There is a very interesting future [weak opening] to the use ["future
to the use" is awkward] of information technology in business and how
business views information technology. I believe that [superfluous]
general demands in business as well as user demands [vague] will
change and shape the computer industry in the years to come [cliche].

Right now in history [wordy], the computer industry is at its point in
development [awkward] similar to that of automobiles in the era of
Henry Ford. Before their widespread acceptance, automobiles were
feared as the “horseless carriages” that thundered down the paths that
horses and stagecoaches took by the people [garden path] who were
hesitant to accept the new technology.

I won't offer a rewrite, but here are a few things to consider.

You can often rework a sentence that begins with "there is" so that it's more active. In the opening of an essay you'd like to engage the reader immediately; "There is a very interesting..." doesn't do it well. This is in part a "show, don't tell" issue. More than that, the first paragraph actually doesn't say very much, and it slows things down with preliminaries. I think it would be okay to skip it and start with the second paragraph, which is much more concrete.

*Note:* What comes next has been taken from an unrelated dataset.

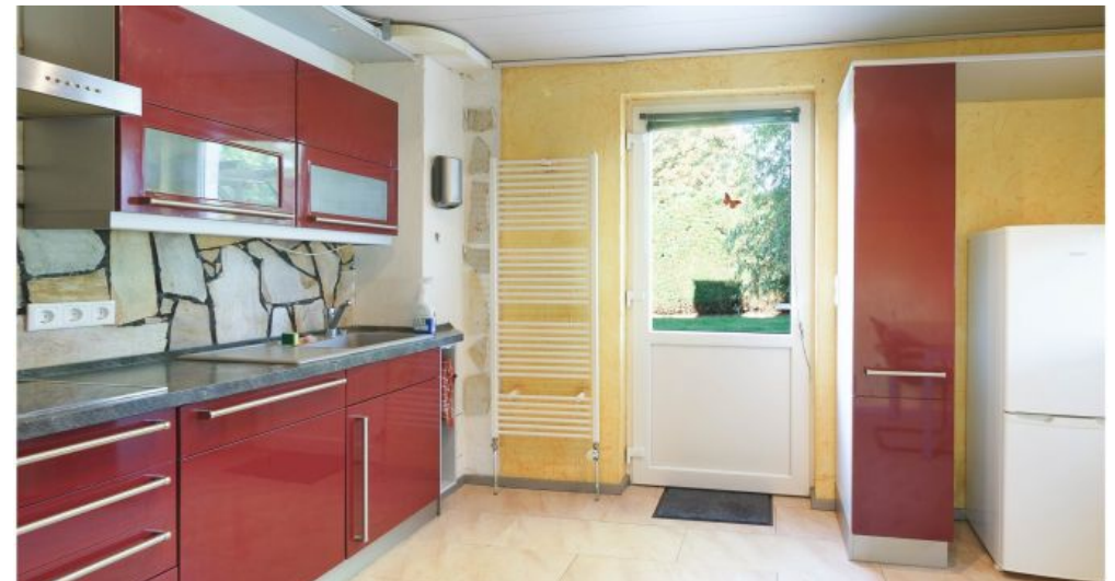
Küche im Anbau

The two paragraphs are a bit wordy. For example, "right now in history" could be replaced by "today", and "in the years to come" (aside from being a cliche) could be replaced by "in the future". Some "the"s are are superfluous: "the “horseless carriages”", "the people". Some words are repeated too close together: "that thundered down the paths that".

The writing also has vague spots. I don't know what "general demands in business" are, for example, or "user demands".

The garden path issue has to do with sentence structure. "Automobiles were feared as the “horseless carriages”... by the people who were hesitant to accept the new technology." But the subordinate clause makes it confusing: "that thundered down the paths that horses and stagecoaches took by the people..." It reads as though people are (ungrammatically) taking the horses and stagecoaches.

The second paragraph has an unexpected transition between its two sentences. We go from "industry" and "Henry Ford", suggesting a focus on manufacturing, but then we read about the experiences of the users of technology. That might be clarified or smoothed out.